[Opening Extracted material section]

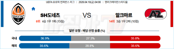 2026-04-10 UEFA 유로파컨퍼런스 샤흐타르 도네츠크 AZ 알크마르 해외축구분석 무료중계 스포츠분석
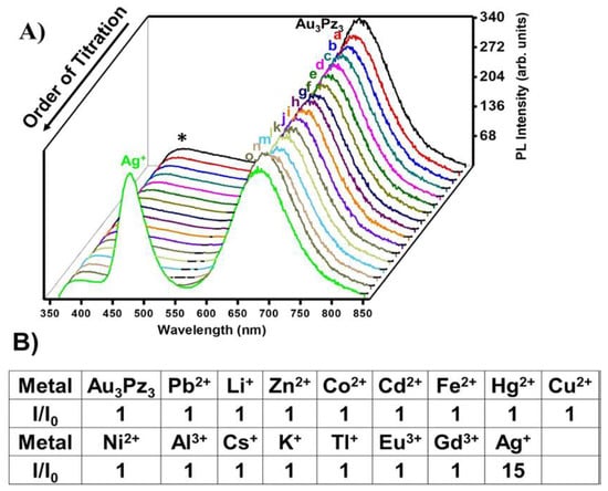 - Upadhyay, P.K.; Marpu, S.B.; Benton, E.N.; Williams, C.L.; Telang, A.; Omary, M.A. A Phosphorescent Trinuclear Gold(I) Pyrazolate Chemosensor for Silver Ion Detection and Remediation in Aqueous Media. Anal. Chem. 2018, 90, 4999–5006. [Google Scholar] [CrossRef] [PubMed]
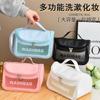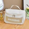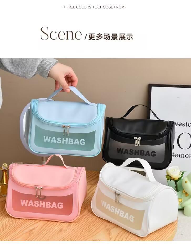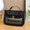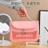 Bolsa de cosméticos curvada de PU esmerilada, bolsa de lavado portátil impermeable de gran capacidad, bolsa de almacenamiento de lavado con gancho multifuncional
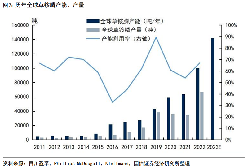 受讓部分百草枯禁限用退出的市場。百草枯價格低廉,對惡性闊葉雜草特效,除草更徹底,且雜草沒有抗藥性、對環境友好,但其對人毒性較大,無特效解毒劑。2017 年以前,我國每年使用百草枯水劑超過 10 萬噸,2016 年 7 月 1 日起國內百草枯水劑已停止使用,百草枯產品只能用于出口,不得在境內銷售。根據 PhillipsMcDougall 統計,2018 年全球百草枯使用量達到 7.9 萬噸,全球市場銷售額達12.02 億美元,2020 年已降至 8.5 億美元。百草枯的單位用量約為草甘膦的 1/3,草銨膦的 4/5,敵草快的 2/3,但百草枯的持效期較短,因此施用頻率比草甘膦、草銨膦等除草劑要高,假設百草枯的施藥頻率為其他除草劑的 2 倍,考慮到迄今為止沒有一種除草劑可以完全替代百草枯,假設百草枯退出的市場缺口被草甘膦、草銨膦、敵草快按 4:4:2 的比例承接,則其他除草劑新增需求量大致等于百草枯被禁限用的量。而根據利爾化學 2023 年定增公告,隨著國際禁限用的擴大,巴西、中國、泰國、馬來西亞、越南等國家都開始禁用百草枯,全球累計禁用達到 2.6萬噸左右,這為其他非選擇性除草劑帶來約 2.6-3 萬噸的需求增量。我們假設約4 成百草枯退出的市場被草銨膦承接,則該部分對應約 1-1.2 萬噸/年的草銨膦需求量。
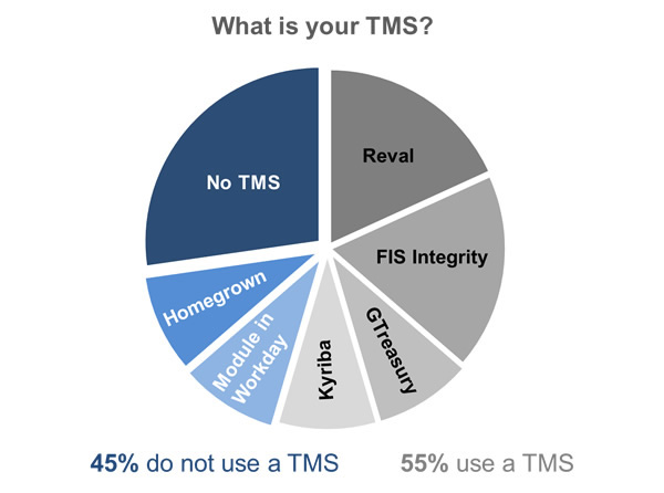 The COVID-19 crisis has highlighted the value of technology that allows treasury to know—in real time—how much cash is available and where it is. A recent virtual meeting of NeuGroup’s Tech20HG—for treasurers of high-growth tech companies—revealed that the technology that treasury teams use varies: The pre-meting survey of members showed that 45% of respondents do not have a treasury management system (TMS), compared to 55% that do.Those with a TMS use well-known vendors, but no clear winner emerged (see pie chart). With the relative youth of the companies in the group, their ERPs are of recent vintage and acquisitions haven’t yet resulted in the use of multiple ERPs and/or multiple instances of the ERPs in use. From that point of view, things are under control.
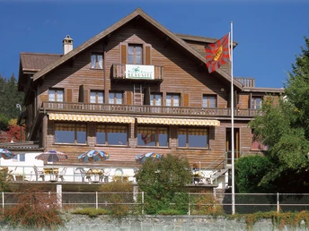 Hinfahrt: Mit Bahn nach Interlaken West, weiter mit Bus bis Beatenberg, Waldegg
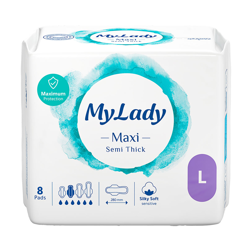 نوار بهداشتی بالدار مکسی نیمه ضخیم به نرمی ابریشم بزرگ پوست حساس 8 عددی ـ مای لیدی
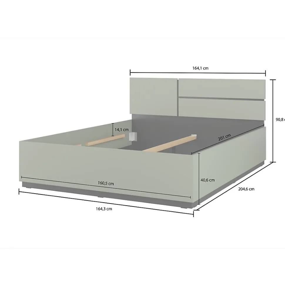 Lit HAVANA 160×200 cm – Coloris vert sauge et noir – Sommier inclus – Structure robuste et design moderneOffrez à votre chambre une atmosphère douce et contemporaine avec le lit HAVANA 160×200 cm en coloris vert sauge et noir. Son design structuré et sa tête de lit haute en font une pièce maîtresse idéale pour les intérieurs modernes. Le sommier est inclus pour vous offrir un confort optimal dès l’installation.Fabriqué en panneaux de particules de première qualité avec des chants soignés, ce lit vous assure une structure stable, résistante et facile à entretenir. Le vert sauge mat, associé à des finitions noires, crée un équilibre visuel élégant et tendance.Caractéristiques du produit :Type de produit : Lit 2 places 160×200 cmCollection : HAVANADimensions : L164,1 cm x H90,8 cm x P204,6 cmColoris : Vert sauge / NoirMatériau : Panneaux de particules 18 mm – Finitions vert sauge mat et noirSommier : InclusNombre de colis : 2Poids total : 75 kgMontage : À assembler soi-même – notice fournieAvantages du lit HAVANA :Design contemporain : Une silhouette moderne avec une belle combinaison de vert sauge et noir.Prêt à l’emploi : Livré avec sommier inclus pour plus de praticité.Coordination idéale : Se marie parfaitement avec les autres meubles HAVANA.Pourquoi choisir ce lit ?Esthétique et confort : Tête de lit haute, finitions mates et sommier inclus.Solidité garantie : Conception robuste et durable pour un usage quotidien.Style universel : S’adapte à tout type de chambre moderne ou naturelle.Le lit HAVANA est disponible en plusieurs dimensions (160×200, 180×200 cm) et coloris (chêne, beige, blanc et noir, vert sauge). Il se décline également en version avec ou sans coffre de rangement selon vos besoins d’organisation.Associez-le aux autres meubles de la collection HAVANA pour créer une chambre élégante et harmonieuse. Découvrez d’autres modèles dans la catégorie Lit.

[Closing Extracted material section]
[Opening Extracted material section]

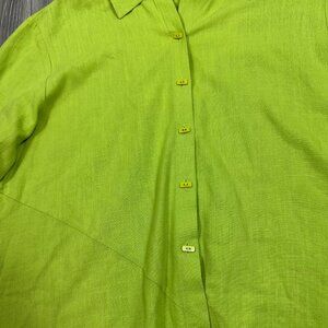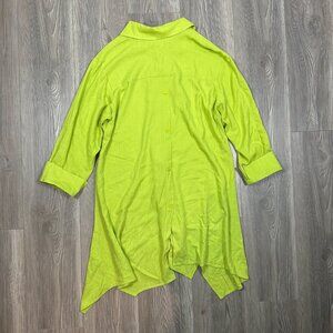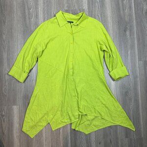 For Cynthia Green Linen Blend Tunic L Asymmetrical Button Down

[Closing Extracted material section]

§ **Task requirements**: All that is wanted is the lines above between the one containing "Hinfahrt: Mit Bahn" and the one containing "نوار بهداشتی بالدار", inclusive, restated word for word, with pictures omitted.

§ **Reply to the exercise**:
 Hinfahrt: Mit Bahn nach Interlaken West, weiter mit Bus bis Beatenberg, Waldegg
 نوار بهداشتی بالدار مکسی نیمه ضخیم به نرمی ابریشم بزرگ پوست حساس 8 عددی ـ مای لیدی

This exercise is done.